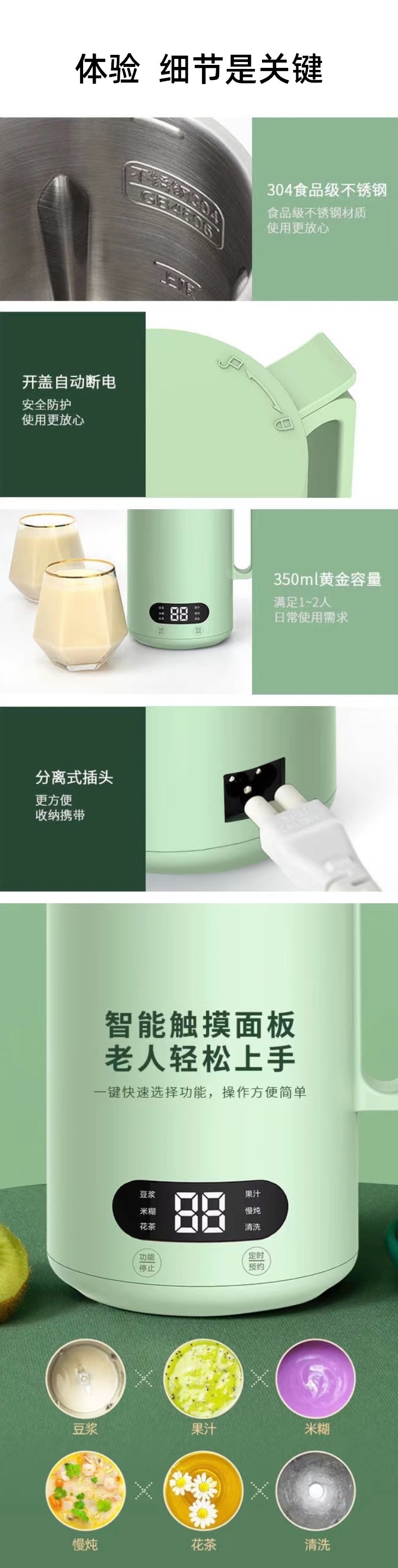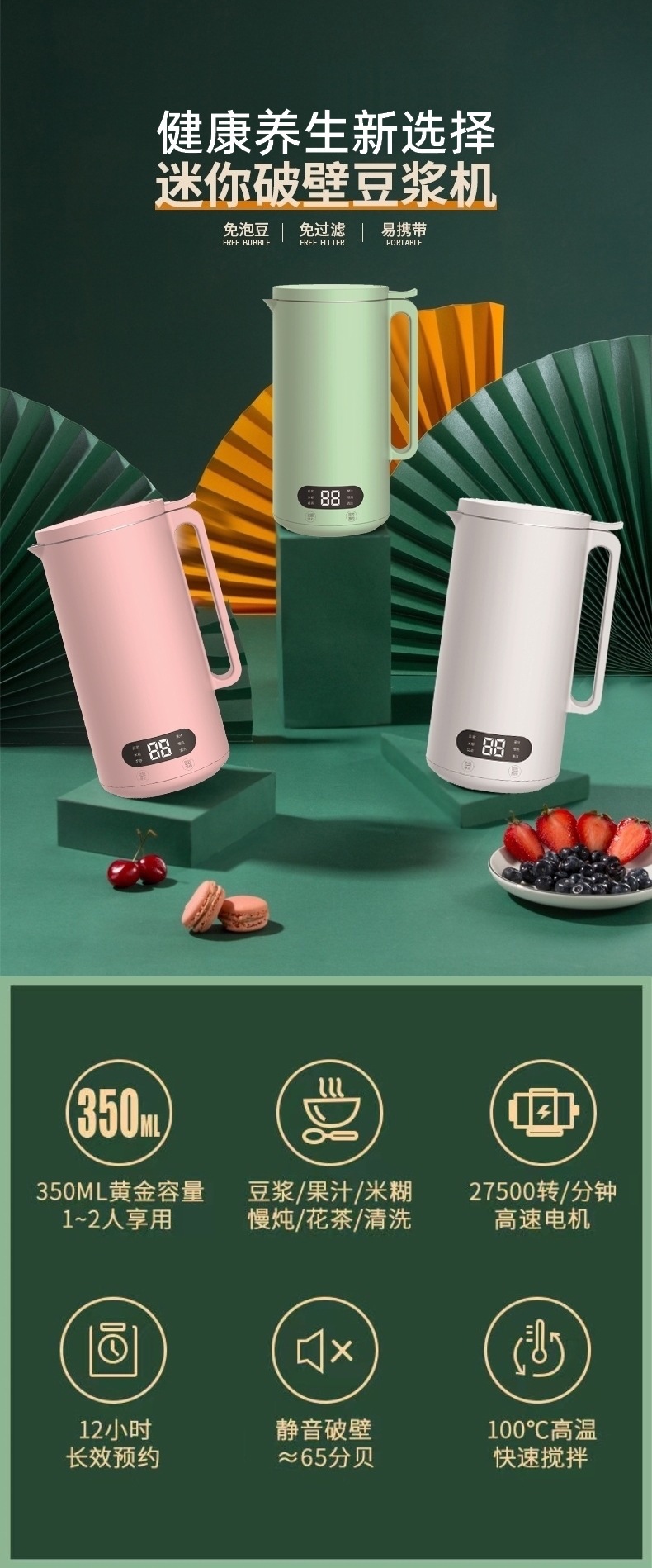 미니 두유 제조기 110V 미국형 전기 주전자 블렌더 선물용 350ml 다기능 주스 및 요리기구 해외 판매
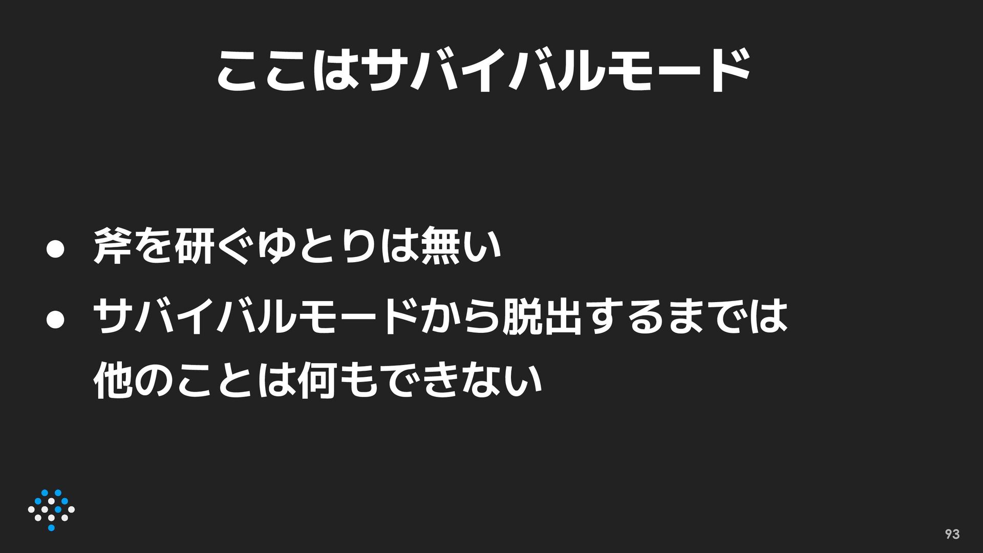 ここはサバイバルモード 93 • 斧を研ぐゆとりは無い • サバイバルモードから脱出するまでは 他のことは何もできない
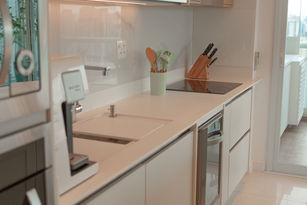 - A utilização do Corian nas bancadas nos permite desenvolver peças arredondadas e longilíneas sem emendas;

**EXERCISE PROMPT**
Beginning with the line that contains "ここはサバイバルモード 93 •" and ending with the final line of the listing, return each line exactly. Omit all pictures.

**RESULT FOR THIS EXERCISE**
 ここはサバイバルモード 93 • 斧を研ぐゆとりは無い • サバイバルモードから脱出するまでは 他のことは何もできない
 - A utilização do Corian nas bancadas nos permite desenvolver peças arredondadas e longilíneas sem emendas;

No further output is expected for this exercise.